A galvanometer and a resistor are connected in series in an incorrect attempt to form an ammeter. Which of the following best explains the effect of connecting the resistor in series? (A) The maximum current measurable by the ammeter is less than the maximum current measurable by the galvanometer. (B) The current measured by the ammeter is greater than the actual current. (C) The current measured by the ammeter is less than the actual current.

In our question, we’re told that a galvanometer and a resistor are connected in series. Using circuit symbols, that would look like this. We’re told that this arrangement is an incorrect attempt to form an ammeter from these two components. We want to choose which of our answer options best explains what happens when the galvanometer and resistor are connected this way. The first thing we can note is that when our answer options talk about an ammeter, that term is describing this arrangement of components. We know that this is an incorrect arrangement of these components to form an ammeter. But for now, we’re thinking of an ammeter as a galvanometer and resistor connected in series.

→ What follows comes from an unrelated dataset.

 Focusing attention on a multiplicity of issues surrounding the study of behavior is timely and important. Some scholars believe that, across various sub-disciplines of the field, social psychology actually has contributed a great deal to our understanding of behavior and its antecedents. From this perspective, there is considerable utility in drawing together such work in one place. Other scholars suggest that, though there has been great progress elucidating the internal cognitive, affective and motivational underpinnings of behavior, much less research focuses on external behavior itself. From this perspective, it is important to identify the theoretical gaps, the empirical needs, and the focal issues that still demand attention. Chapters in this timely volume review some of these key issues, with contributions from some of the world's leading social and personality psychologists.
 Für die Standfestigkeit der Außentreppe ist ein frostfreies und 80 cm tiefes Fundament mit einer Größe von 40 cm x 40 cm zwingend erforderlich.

What we’re calling our ammeter, boxed here in orange, is part of a larger circuit. We’ll say that that circuit consists of a voltage supply and some resistance. In this series circuit, some current, we’ll call it 𝐼, exists all throughout the circuit. The purpose of an ammeter is to measure this current. And at this point, let’s recall that the correct way to arrange a resistor and a galvanometer so that they really do form an ammeter is in parallel like this. The reason for this arrangement is the measurement scale of a galvanometer tends to be relatively small. What we mean by that is if this were the measurement display of the galvanometer, only a relatively small current is needed to maximally deflect the measurement arm of the galvanometer.

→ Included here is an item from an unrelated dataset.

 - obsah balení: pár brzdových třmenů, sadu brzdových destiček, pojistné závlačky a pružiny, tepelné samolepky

Any current of greater magnitude than this can’t accurately be measured by the galvanometer. This challenge of the limit of the galvanometer’s measurement range is overcome when we arrange the galvanometer in parallel with a relatively low-resistance resistor. That way, most of the current in the circuit passes through the branch with a resistor rather than the one with the galvanometer. In this way, we don’t overwhelm the galvanometer’s measurement capability. When we arrange a galvanometer in series with a resistor though, there is no such safeguard against exceeding the galvanometer’s measurement range.

Even for normal amounts of current 𝐼 in a circuit then, we would probably see a display like this if we looked at our galvanometer’s reading, indicating potentially that the magnitude of current in the circuit was greater than the galvanometer can measure. Here, we’re calling this reading by the galvanometer the current measured by our ammeter. As we’ve seen, this is likely not the actual current in the circuit but instead is just the greatest current that our galvanometer is capable of measuring. This situation is described by answer choice (C) that the current measured by the ammeter, in this case this current, is less than the actual current in the circuit.

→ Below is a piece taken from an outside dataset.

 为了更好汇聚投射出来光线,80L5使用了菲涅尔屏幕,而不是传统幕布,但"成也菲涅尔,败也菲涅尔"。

Answer option (A) says that the maximum current measurable by the ammeter — recall that here we’re talking about a galvanometer and resistor in series as an ammeter — is less, option (A) says, than the maximum current measurable by the galvanometer. Based on our sketch though, we see that those values are actually one and the same. We won’t choose answer choice (A). And answer choice (B) says that the current measured by the ammeter, again our galvanometer and resistor in series, is greater than the actual current. We’ve seen though that actually our galvanometer arranged this way gives an under indication of the current in the circuit rather than an over indication.

Our answer then is option (C). When a galvanometer and a resistor are connected in series to form an ammeter, the current measured by the ammeter is less than the actual current.